Let
- $d\in\left\{1,\ldots,4\right\}$
- $\Lambda\subseteq\mathbb R^d$ be bounded, nonempty and open
- $\mathcal V:=\left\{\phi\in C_c^\infty(\Lambda,\mathbb R^d):\nabla\cdot\phi=0\right\}$, $V:=\overline{\mathcal V}^{\left\|\;\cdot\;\right\|_{H^1(\Lambda,\:\mathbb R^d)}}$ and $H:=\overline{\mathcal V}^{\left\|\;\cdot\;\right\|_{L^2(\Lambda,\:\mathbb R^d)}}$
- $\mathfrak a(u,v):=\sum_{i=1}^d\langle\nabla u_i,\nabla v_i\rangle_{L^2}$ for $u,v\in V$
- $\mathfrak b(u,v,w):=\langle((u\cdot\nabla)v,w\rangle_{L^2}$ for $u,v,w\in V$
- $\nu>0$
- $f\in L^2(\Lambda,\mathbb R^d)$
I've found proofs showing that there is a $u\in V$ with $$\tilde{\mathfrak a}(u,v):=\nu\mathfrak a(u,v)+\mathfrak b(u,u,v)=\langle f,v\rangle_{L^2(\Lambda,\:\mathbb R^d)}=:\ell(v)\;\;\;\text{for all }v\in V\tag1$$ using the (Leray-)Schauder fixed-point theorem.

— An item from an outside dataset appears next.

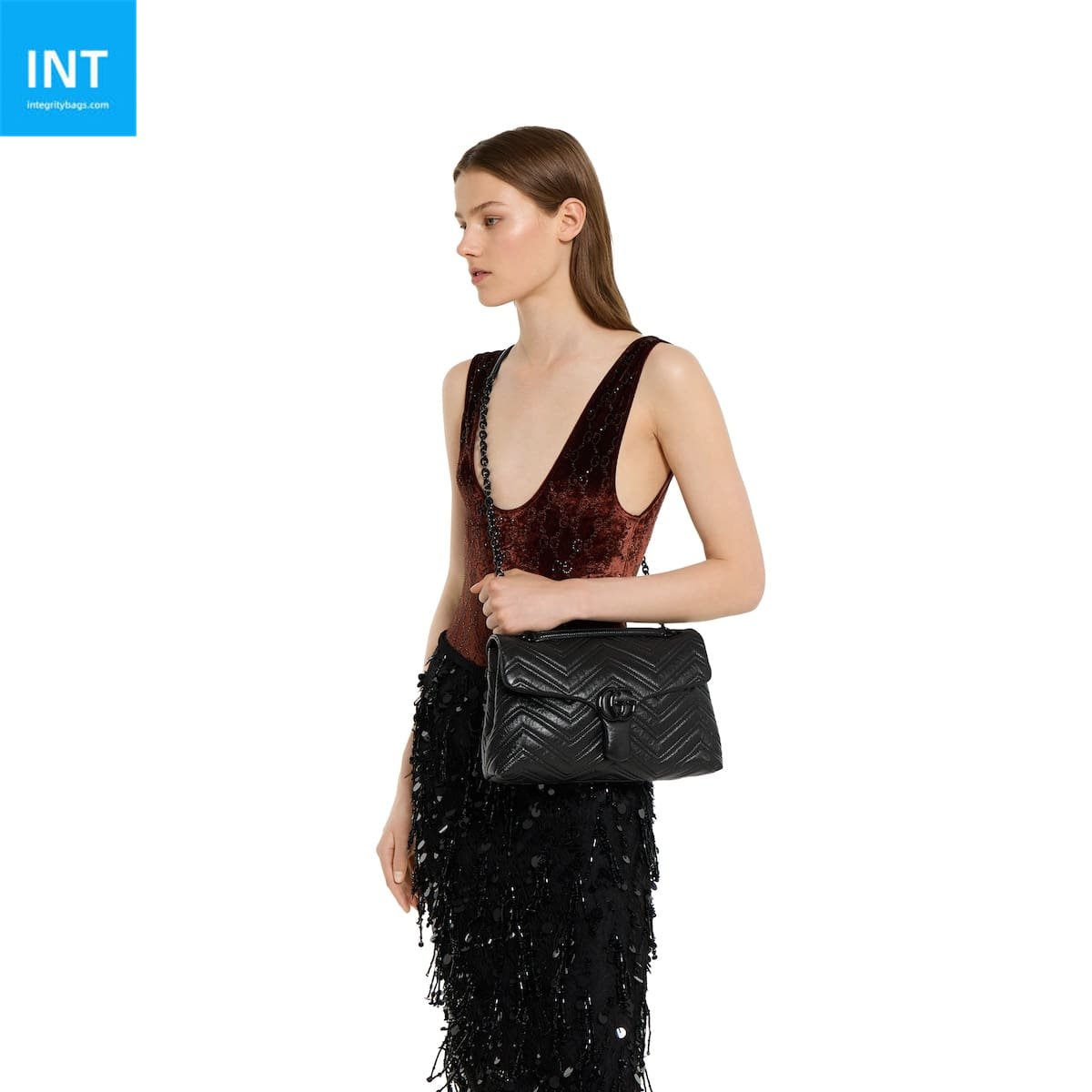 In the Fall Winter 2025 collection, the GG Marmont, a signature collection of the House, features the emblematic Double G, a faceted chain strap, and a soft, structured silhouette. This style is crafted from soft lightweight matelassé chevron leather and comes with a tonal enameled hardware and chain.

However, doesn't the existence (and even uniqueness) of such a $u$ simply follow from the Lax-Milgram theorem?
It's well-known that
- $\mathfrak a$ is a bounded and coercive bilinear form on $H_0^1(\Lambda,\mathbb R^d)$
- $\mathfrak b$ is a bounded trilinear form on $H_0^1(\Lambda,\mathbb R^d)$ with $$\mathfrak b(u,v,w)+\mathfrak b(u,w,v)=-\langle\left(\nabla\cdot u\right)v,w\rangle_{L^2(\Lambda,\:\mathbb R^d)}\;\;\;\text{for all }u,v,w\in H_0^1(\Lambda,\mathbb R^d)\tag2$$
Since $$\tilde{\mathfrak a}(u,u)=\nu\mathfrak a(u,u)+\underbrace{\mathfrak b(u,u,u)}_{=\:0}=\nu\mathfrak a(u,u)\;\;\;\text{for all }u\in V\tag3\;,$$ $\tilde{\mathfrak a}$ is a bounded and coercive bilinear form on $V$. Moreover, $\ell$ is a bounded linear functional on $V$. So, there should be a unique $u\in V$ with $(1)$ by the Lax-Milgram theorem.
What am I missing?
What I was missing is that $$V\times V\ni(u,v)\mapsto\mathfrak b(u,u,v)$$ (and hence $\tilde{\mathfrak a}$) is not bilinear. It's obvious, but I missed that. However, we can use the Lax-Milgram theorem to show that for all $u\in V$ there is a unique $\Phi(u)\in V$ with $$\nu\mathfrak a(\Phi(u),v)+\mathfrak b(u,\Phi(u),v)=\ell(v)\tag4\;.$$ Now, the Schauder fixed-point theorem can be used to show that $\Phi$ has a fixed-point.